Runs an originally-blocked write after a namespace member approves it through the console. Single-use.

What can fail	kind	What it means	What to do
Approval revoked between issue and redeem	approval_revoked	A reviewer denied or rolled back the approval.	Don’t retry. Re-issue the original write so a fresh approval can be requested.
Approval expired	approval_expired	TTL passed; approvals don’t auto-renew.	Re-issue the original write.
Approval already redeemed	approval_consumed	Single-use.	Treat as success on idempotent retries — the write happened.
Database/branch removed since issue	approval_scope_invalid	The target no longer exists.	Re-issue if appropriate.

Idempotency-Key (24 h KV replay)

Send Idempotency-Key: <uuid> on /v1/query, /v1/batch, /v1/apply, /v1/redeem_approval. The first call’s response is cached for 24 h and replayed on subsequent calls with the same key.

Replays carry Idempotency-Replay: true in the response headers. The body is identical to the original — including a previously-cached errorDetail. Don’t treat a replayed errorDetail as a fresh signal: the underlying state may have changed since the original call. If you want to revalidate, use a new key.

Edge cases:

• Same key, different body → idempotency_key_mismatch. Bump the key.
• Key longer than 200 chars or non-ASCII → idempotency_key_invalid.
• Network drop mid-write before the response landed → next call with the same key returns the original response. The write is not re-executed.

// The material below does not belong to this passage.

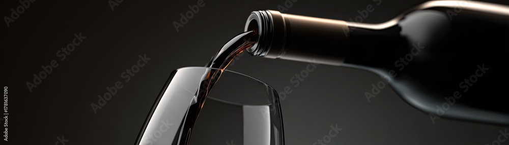 A dark, elegant scene featuring a bottle pouring red wine into a glass, showcasing the rich color and smooth flow. #1781637090
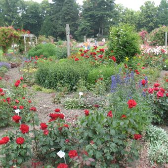 Besucher können den Garten über markierte Wege mit 38 Informationsstationen erkunden, mit spezialisierten Bereichen für verschiedene Rosenklassifikationen.

Plan-Key + Plan-Step (per-step caching)

Use these for multi-call agent plans where the model may retry from a failed step. Plan-Key identifies the plan; Plan-Step the step within it. The pair is cached for 24 h like Idempotency-Key, but gives you per-step granularity instead of one-shot replay.

Same shape rules apply — replays carry Plan-Step-Replay: true. Mismatch errors share the idempotency_* family above (the implementation is the same KV path).

Token & spend shapes

kind	Status	Meaning
token_invalid	401	Bearer is malformed, revoked, or doesn’t exist.
token_expired	401	Scoped token (from claim_branch) past its lease.
balance_exhausted	402	Namespace prepaid balance is at the grace floor. The response body carries an x402-compatible accepts[] array pointing at POST /v1/billing/topup; MCP runtimes can also call the topup_balance tool.
rate_limited	429	Per-IP flood control or the bounded fail-open during a billing-meter outage. Retry honouring Retry-After.
database_locked	503	DO is busy; SQLite returned SQLITE_BUSY. Retry with backoff.

What’s not a structured failure

• Network 5xxs from Cloudflare itself — surface as the underlying status (502, 521, etc.) without an errorDetail. Treat as transient and retry with Idempotency-Key so you don’t double-write.
• Schema drift that breaks a previously-validated propose — surfaces as the regular SQL envelope on apply, not a proposal_* kind.
• Branch deletion mid-plan — currently surfaces as unknown_table / database_locked rather than a dedicated branch_gone kind. May promote to its own kind later; agents should treat 4xx with a branch-scoped token as “re-claim and replay.”

If you hit a failure shape that isn’t here, file it — the contract is load-bearing and gaps are bugs.